[[ Data records open ]]

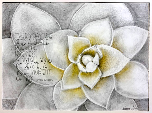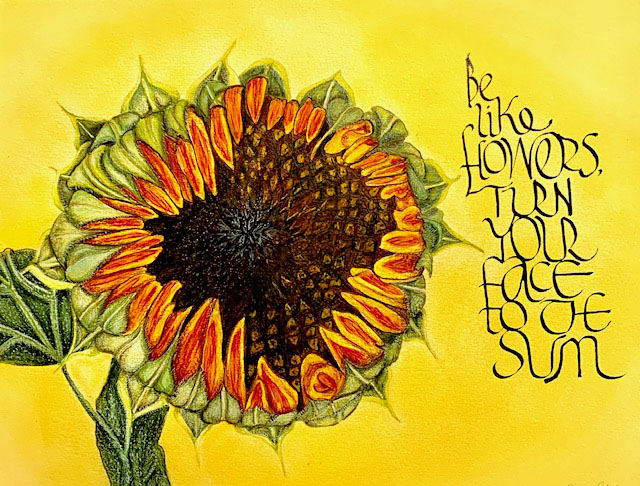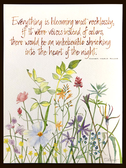 9" x 12" on Fabriano 140lb. HP Watercolor paper . Flowers: Comic Pen, Tsukinek Walnut Ink, watercolor paints. Writing: ruling pen, Windsor Newton Yellow Ochre ink.
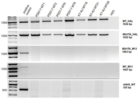 PCR analysis to verify the successful integration of the MitoTimer biosensor and doxycycline-dependent transactivator transgenes into the AAVS1 locus. MT_HAL: screening for integration of the MitoTimer biosensor transgene into the AAVS1 locus, M2rtTA_HAL: screening for integration of the M2rtTA transgene into the AAVS1 locus, MT_M13: screening for off-target insertion of the MitoTimer donor plasmid into the genome, M2rtTA_M13: screening for off-target insertion of the AAVS1-NEO-M2rtTA donor plasmid into the genome, AAVS_wt: screening against the wild-type AAVS1 locus.
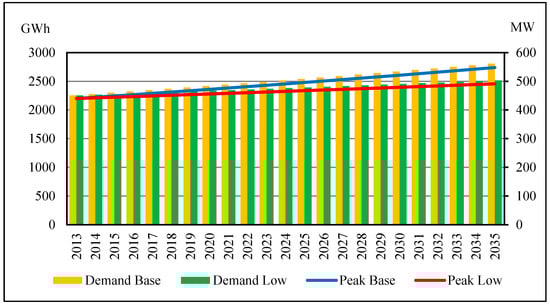 The strategic position in the middle of the Mediterranean Sea and the quite high wave energy potential make Malta one of the best sites for the employment of the innovative Point Absorber here proposed. Moreover, DEIM WEC will be able to increase energetic independence of this country, currently at a very low level. The optimal collocation of the installation sites will be chosen according to different standards, in order to not influence main maritime routes and activities such as fishing []. It is important to say that fishing does not have a main role in the Maltese economy and the off-shore installation of buoys (several kilometers away from the coast) will contribute to the reduction of visual impact from the mainland. Additionally, renewable energy sources will help the local economy, thanks to the creation of a supply chain that does not exist nowadays []. Figure 13 represents Maltese annual energy demand (GWh) and peak demand (MW) projections until 2035. They are both assumed to grow at 1% per year in the base case scenario and 0.5% per year in the low case scenario [].
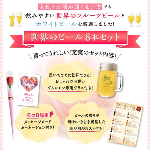 他の画像を見る 母の日限定!メッセージカード&カーネーション付き! ビール ギフト 飲み比べ 母の日カード&カーネーション付き 世界のフルーツ&ホワイトビール8本+専用グラスセット 送料無料 飲み比らべ 詰め合わせ 贈り物 プレゼント クラフトビール 長S 予約 2026/4月下旬以降発送予定 ¥ 3,998 税込 お気に入りに登録する
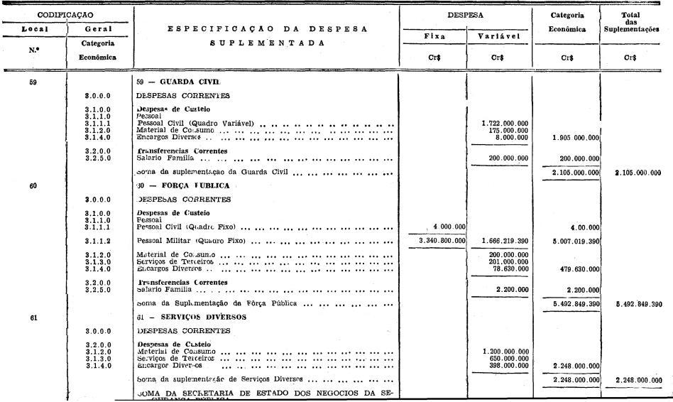 Artigo 1º - Ficam suplementadas, na importância de Cr$ 418.480.089.900 (QUATROCENTOS E DEZOITO BILHÕES, QUATROCENTOS E OITENTA MILHÕES, OITENTA E NOVE MIL E NOVECENTOS CRUZEIROS) as verbas do orçamento vigente abaixo discriminadas:

[[ Data records closed ]]

Take the records above from their first line through the line with "PCR analysis to" and set those lines down word for word, minus the pictures.

 9" x 12" on Fabriano 140lb. HP Watercolor paper . Flowers: Comic Pen, Tsukinek Walnut Ink, watercolor paints. Writing: ruling pen, Windsor Newton Yellow Ochre ink.
 PCR analysis to verify the successful integration of the MitoTimer biosensor and doxycycline-dependent transactivator transgenes into the AAVS1 locus. MT_HAL: screening for integration of the MitoTimer biosensor transgene into the AAVS1 locus, M2rtTA_HAL: screening for integration of the M2rtTA transgene into the AAVS1 locus, MT_M13: screening for off-target insertion of the MitoTimer donor plasmid into the genome, M2rtTA_M13: screening for off-target insertion of the AAVS1-NEO-M2rtTA donor plasmid into the genome, AAVS_wt: screening against the wild-type AAVS1 locus.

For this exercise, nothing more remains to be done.